= Exercise directions =
Copy the lines running from the one that contains "近期气温居高不下,室外温度已" to the end of the entries below, exactly and with no pictures.

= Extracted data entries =
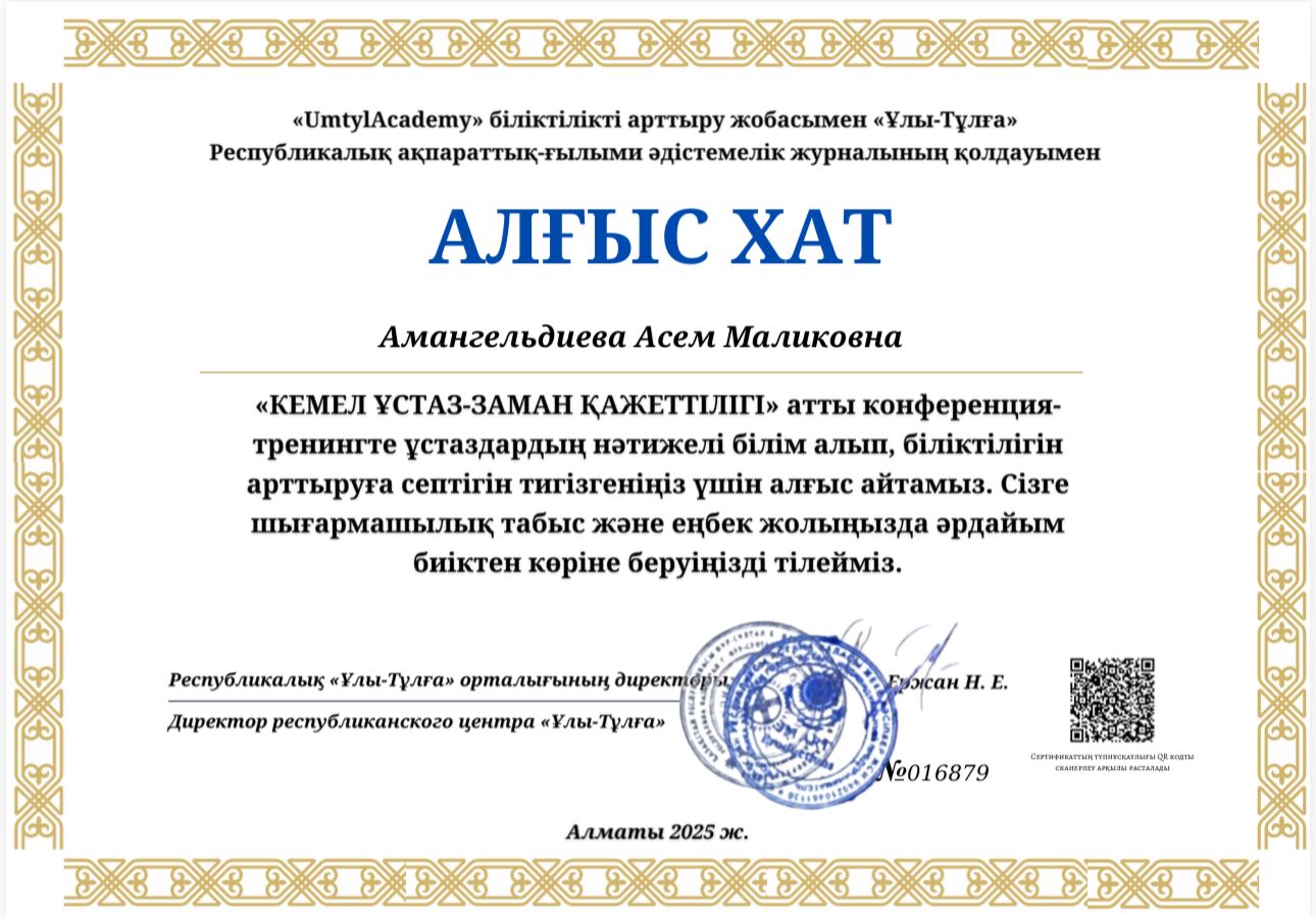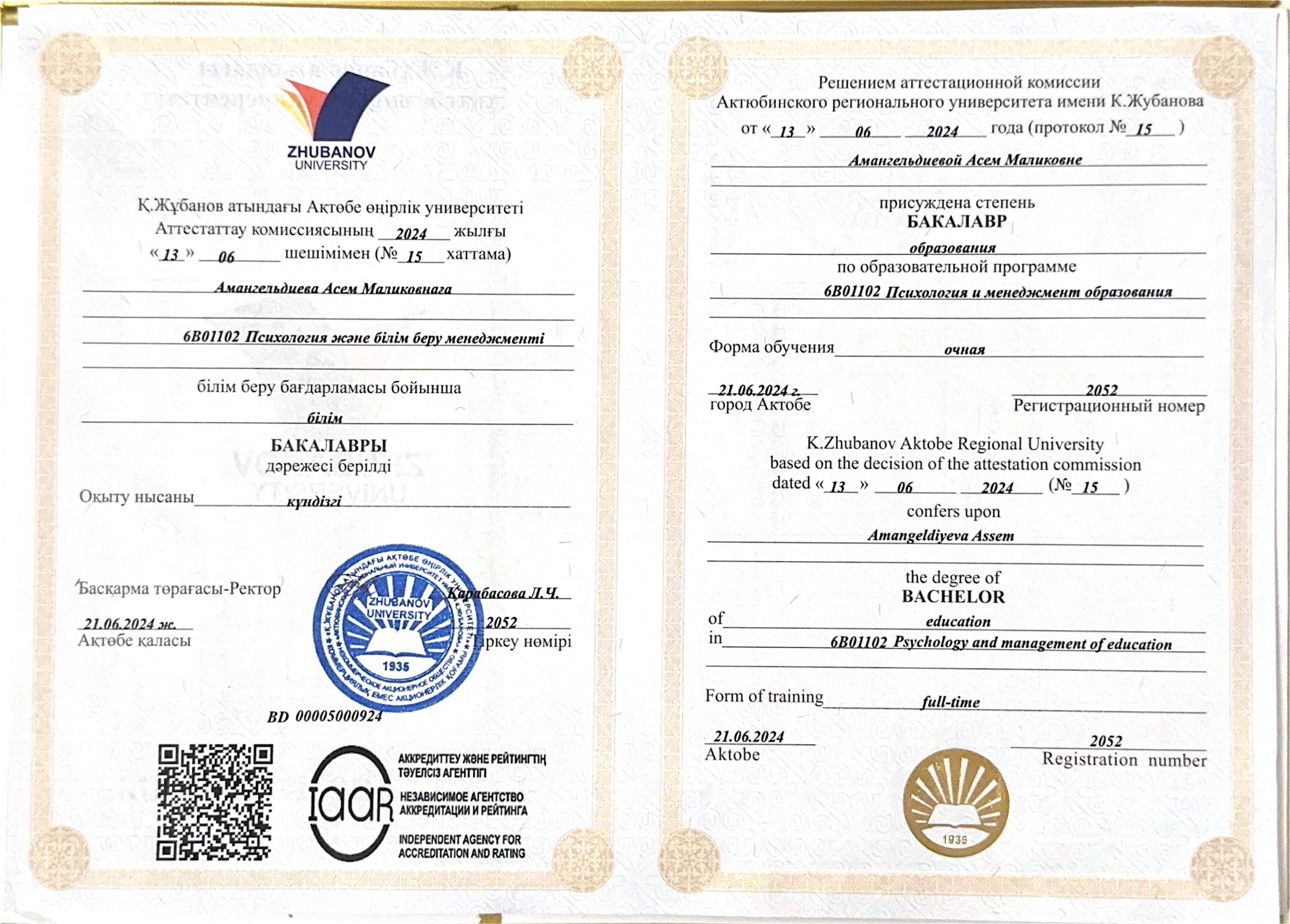 1.Актюбинский региональный университет им. К. Жубанова (бакалавр) 2024г.
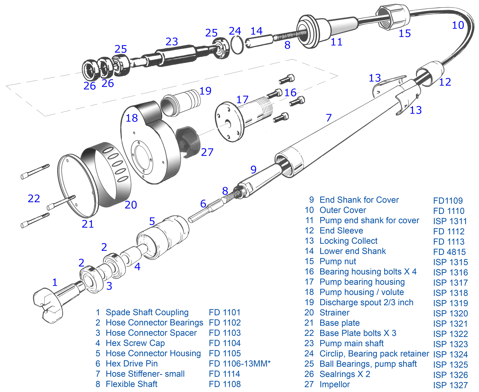 Drive unit, heavy duty sub pumps, sold new, repaired and spares offered.
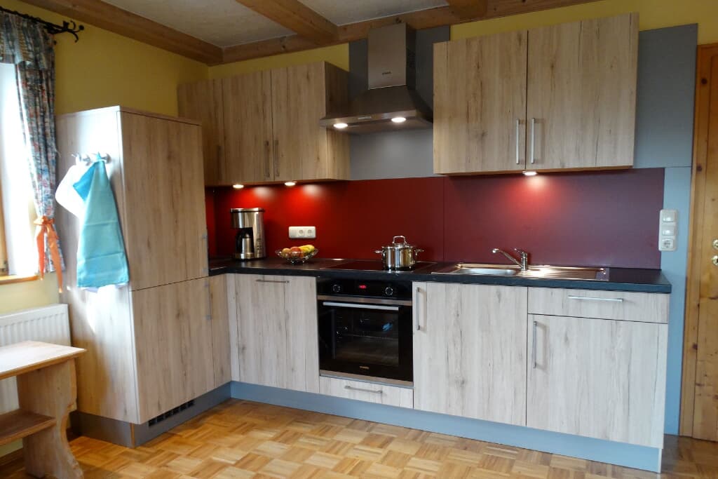 • Wohnküche mit komplett ausgestatteter Küche (Geschirrspüler, Induktionsherd, Backofen, Kühlschrank, Gefrierschrank, Kaffeemaschine, Toaster, Wasserkocher, Eierkocher, Geschirr, Besteck, Kochgeschirr; im Januar 2018 erfolgte der Einbau einer neuen Küche mit neuen Geräten!), gemütlicher Eckbank und Couch
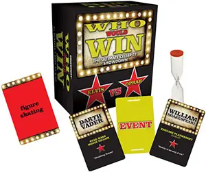 Be the first player to collect five Event cards by winning debates about which famous person would win a randomly chosen event.
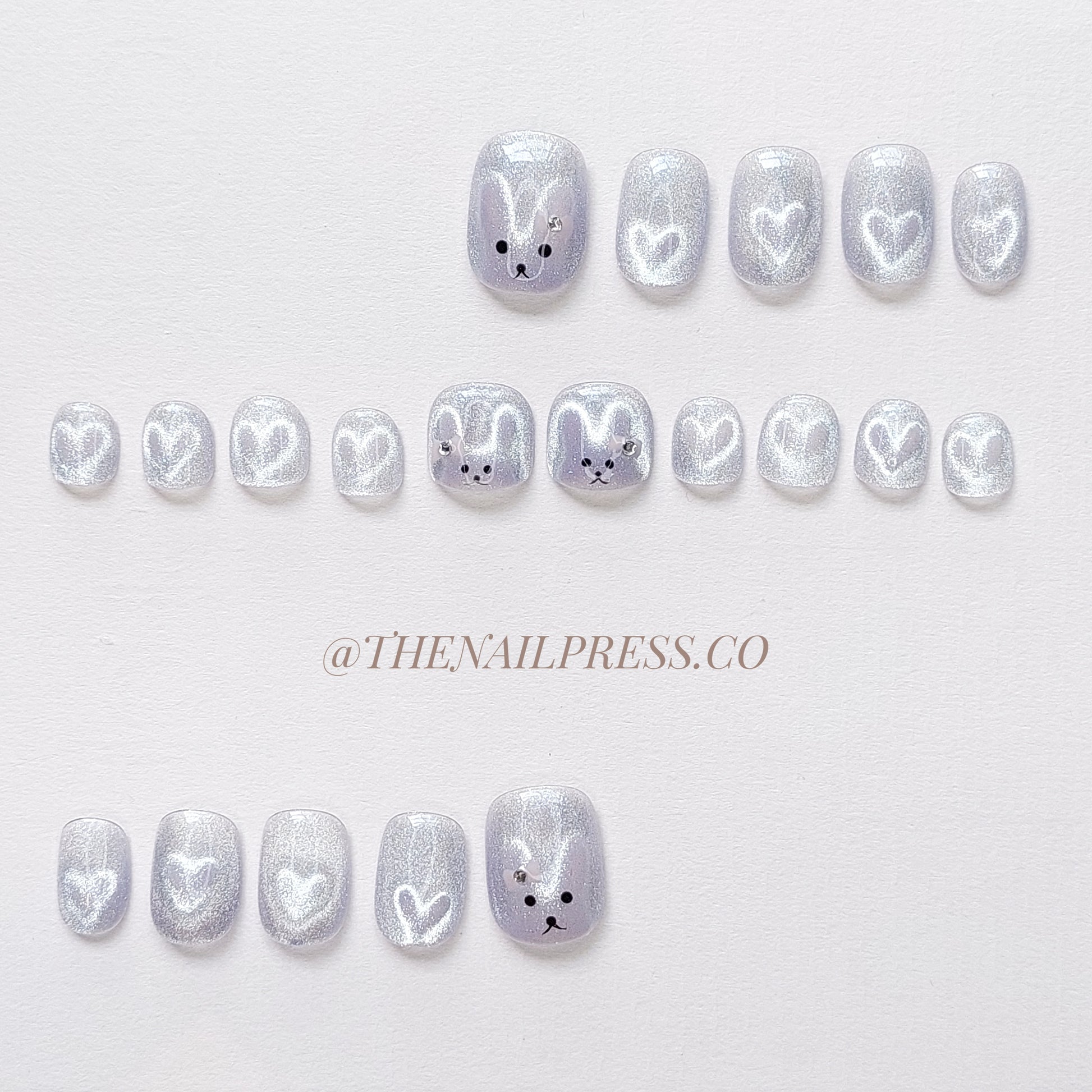 Add a touch of playful magic with Bunny’s Secret Glow, a sparkly cat-eye design that shimmers beautifully while hiding the sweetest surprises. Look closely to find a hidden bunny and tiny hearts nestled within the glow. The short squoval shape offers a comfortable, natural look for everyday wear. This design comes with matching kids' nails, making it perfect for sweet twinning moments. These handmade press-on nails are crafted for effortless wear, delivering a polished, salon-quality finish.
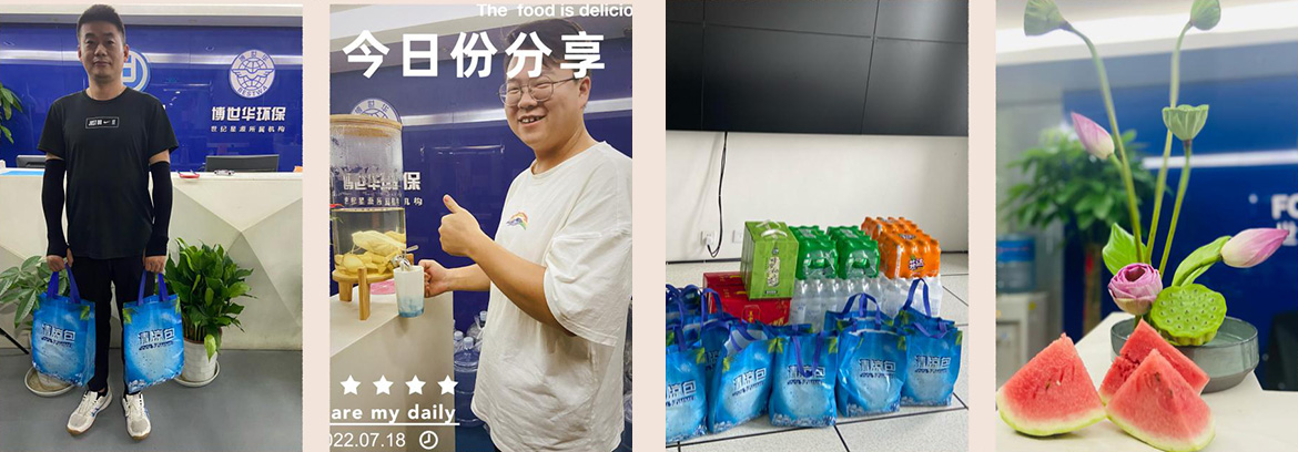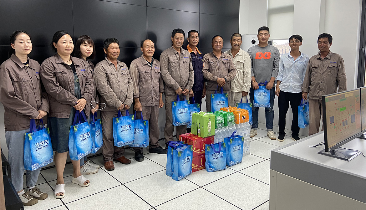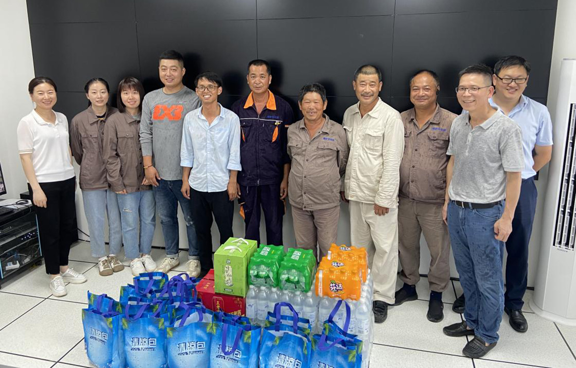 近期气温居高不下,室外温度已超40°,为了更好地让员工开展日常工作,关爱员工的生活与工作。党支部书记、董事长王卫民、工会主席张莉及中层干部代表给一线员工带去问候,让大家感受公司浓浓的关怀和夏日里的清凉。
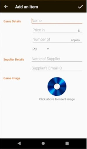 an app that enables a store owner to record information pertaining to a game within his app and track sales and increases in the number of copies. If the number of copies nears zero, the owner also has an option to order copies via email.
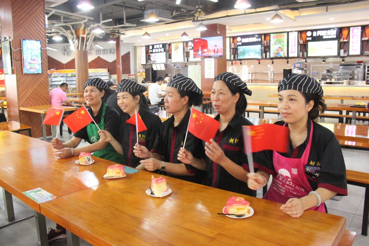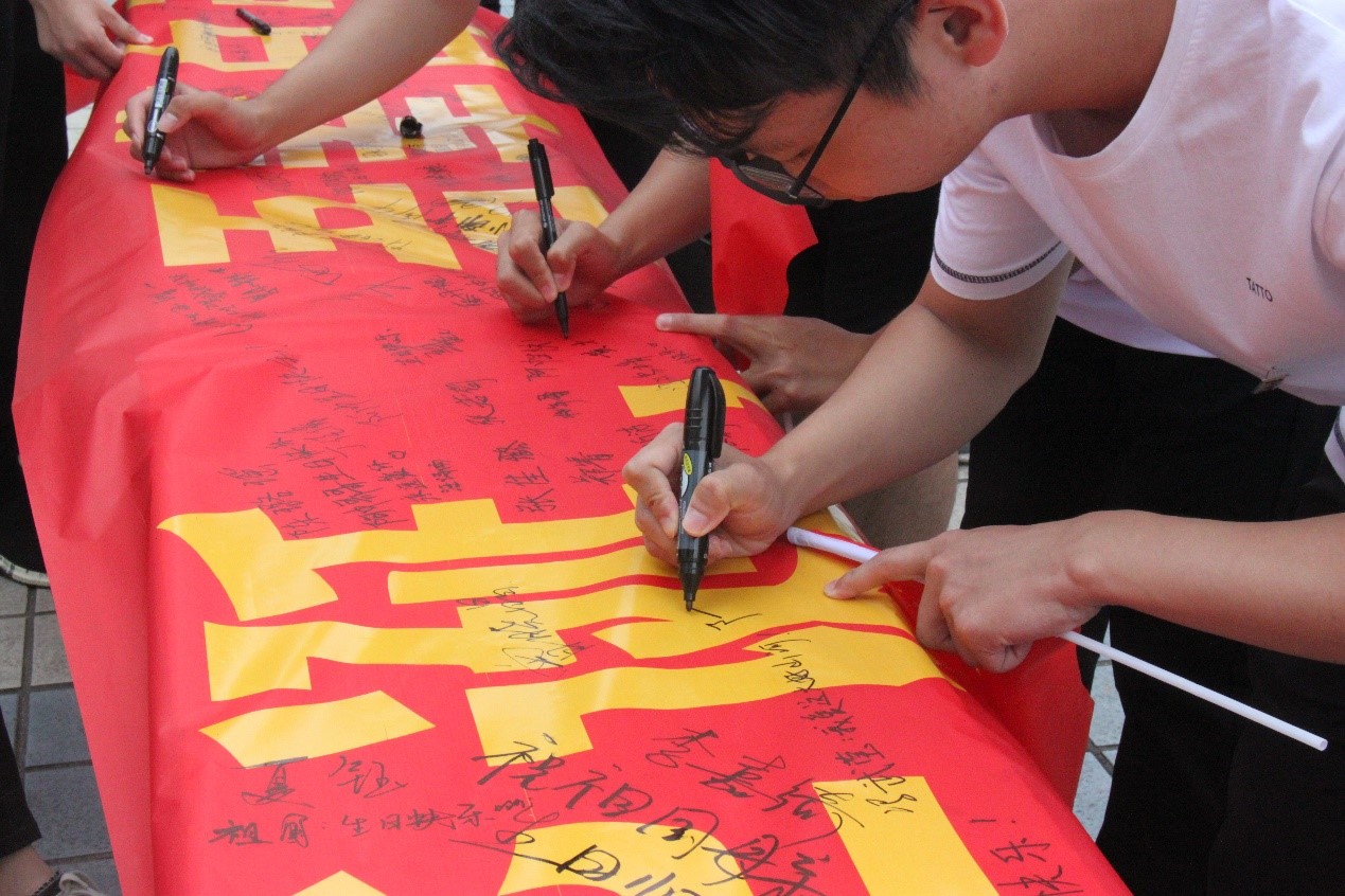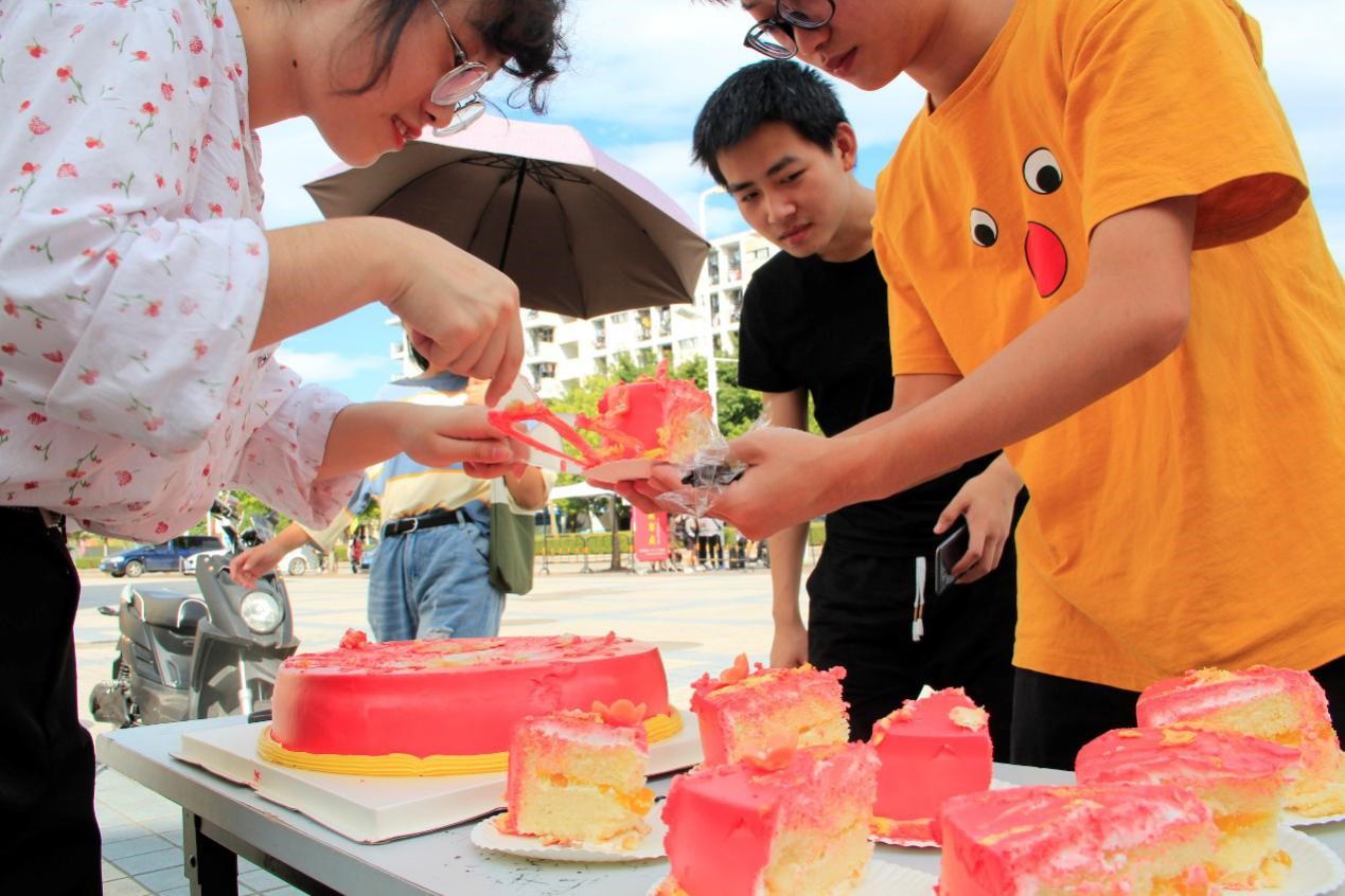 青春廣場上,生工學子拉起了"盛世華誕,吾輩自強"的橫幅,并在橫幅上自豪的寫下了對祖國最真摯的祝福,希望我們的中國永遠繁榮昌盛。同學們也精心的為學校的老師、樓管阿姨、食堂阿姨、保安叔叔等送上國慶主題蛋糕,邀請他們一起說出對祖國真摯的祝福,為新中國成立70周年送上祝福,向他們的辛勤與堅持致敬。

= Result below =
 近期气温居高不下,室外温度已超40°,为了更好地让员工开展日常工作,关爱员工的生活与工作。党支部书记、董事长王卫民、工会主席张莉及中层干部代表给一线员工带去问候,让大家感受公司浓浓的关怀和夏日里的清凉。
 an app that enables a store owner to record information pertaining to a game within his app and track sales and increases in the number of copies. If the number of copies nears zero, the owner also has an option to order copies via email.
 青春廣場上,生工學子拉起了"盛世華誕,吾輩自強"的橫幅,并在橫幅上自豪的寫下了對祖國最真摯的祝福,希望我們的中國永遠繁榮昌盛。同學們也精心的為學校的老師、樓管阿姨、食堂阿姨、保安叔叔等送上國慶主題蛋糕,邀請他們一起說出對祖國真摯的祝福,為新中國成立70周年送上祝福,向他們的辛勤與堅持致敬。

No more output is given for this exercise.